Employment law is complicated and fact specific. To find a plaintiffs employment attorney, please go to the web site of the California Employment Lawyers Association (CELA) CELA is the largest and most influential bar association in the state for attorneys who represent working people. You can search for attorneys by practice area and location.

Best wishes!

*** All legal actions have time limits, called statutes of limitation. If you miss the deadline for filing your claim, you will lose the opportunity to pursue your case. Please consult with an experienced employment attorney as soon as possible to better preserve your rights. *** Marilynn Mika Spencer provides information on Avvo as a service to the public, primarily when general information may be of assistance. Avvo is not an appropriate forum for an in-depth response or a detailed analysis. These comments are for information only and should not be considered legal advice. Legal advice must pertain to specific, detailed facts. No attorney-client relationship is created based on this information exchange. *** Marilynn Mika Spencer is licensed to practice law before all state and federal courts in California, and can appear before administrative agencies throughout the country. She is eligible to represent clients in other states on a pro hac vice basis. ***


First, I believe that your asthma would qualify as a medical disability and this is a path that certainly could be pursued. Perhaps, more importantly, which I don't believe other attorneys have addressed is that you state that you are in a Union. The way the process works is the Union enters into a contract with the company on your behalf. These contracts are very specific and normally well drafted. Your Union has a duty and obligation to step up to the plate and represent you in your best interests. The Union will have shop stewards for you to report to and grievance committees and expert attotrneys available to address your needs.

I hope this is helpful.

John N. Kitta
(510) 797-7990

Marilynn Mika Spencer

Marilynn Mika Spencer


Respectfully, Ms. McCall's and my responses DID discuss the union. More importantly, the summary provided in this answer of how unions work is not accurate. Unions have their primary obligation to the entire bargaining unit as a whole (a “bargaining unit” is the group of job classifications represented by the union), rather than to any particular individual in the bargaining unit. The union is NOT obligated to "step up to the and represent you in your best interests." Unions have the right to determine which cases to pursue or not pursue, usually based on resources. However, a union cannot make its decisions in a manner that is arbitrary, discriminatory, or in bad faith.

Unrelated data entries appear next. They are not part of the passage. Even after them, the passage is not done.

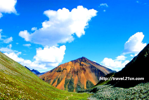 西藏的雨季,那一段路程,時(shí)陰時(shí)雨,偶爾也會(huì)現(xiàn)出一片藍(lán)天,灑下一片陽光。車在雨中向著一座七彩山行去,并不知道山的名字,但在陽光的照射下,發(fā)散著七彩的光芒,那是山的顏色,也是陽光的顏色,無法剝離。然后是一座火焰山,這樣稱呼它,是因?yàn)樗w紅褐色,孤傲地站立在群山之中,奇異的感覺。
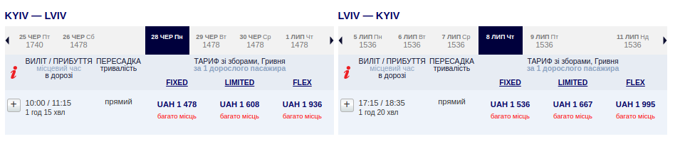 Вартість перельотів Київ – Львів – від ₴1478 в один бік або ₴3014 туди-назад. В найдешевших тарифах – тільки ручна поклажа до 5 кг. Планувати подорожі можна протягом червня – жовтня 2021.
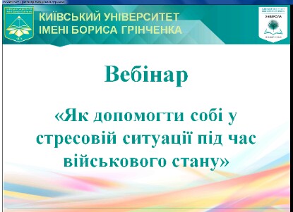 21 квітня 2022 року у Фаховому коледжі «Універсум» Київського університету імені Бориса Грінченка для студентів групи ОВфмб-1-21-4.0д в рамках декади ЦК природничих дисциплін з метою підтримки психологічного здоров’я студентів, відбувся вебінар на тему: «Як допомогти собі у стресовій ситуації під час військового часу?».

The standard is much harder to meet than to meet a negligence standard. There is a six month statute of limitation (time limit) to file a claim against a union for breach of its duty of fair representation. Most local unions have very limited financial and staff resources, so they must pick and choose which cases to work on and how to do so. Very few local unions have their own labor attorneys. Some local unions are able to use attorneys provided by a higher union body, but not all. The attorneys are rarely used at the grievance level, and many unions do their own arbitrations, reserving any attorney resources for court work, which union officials cannot do. Unions always have to balance the need for more money (to hire more union reps, or to take more cases to arbitration, for example) with the bargaining unit’s unhappiness about higher dues. This is similar to our elected officials, who must always balance providing what their constituents want with the need to raise taxes. In short, as I said in my answer above, please take this situation to the union and hope it is able to help. And you can take individual legal action based on a statutory violation.



In fact my union was the first place i went but they are not helping me at all. My union sided with my store also i recieved a document asking me to sign to release my medical info which i will not do that is personal. I am in a hard situation right now. Im in fear of termination.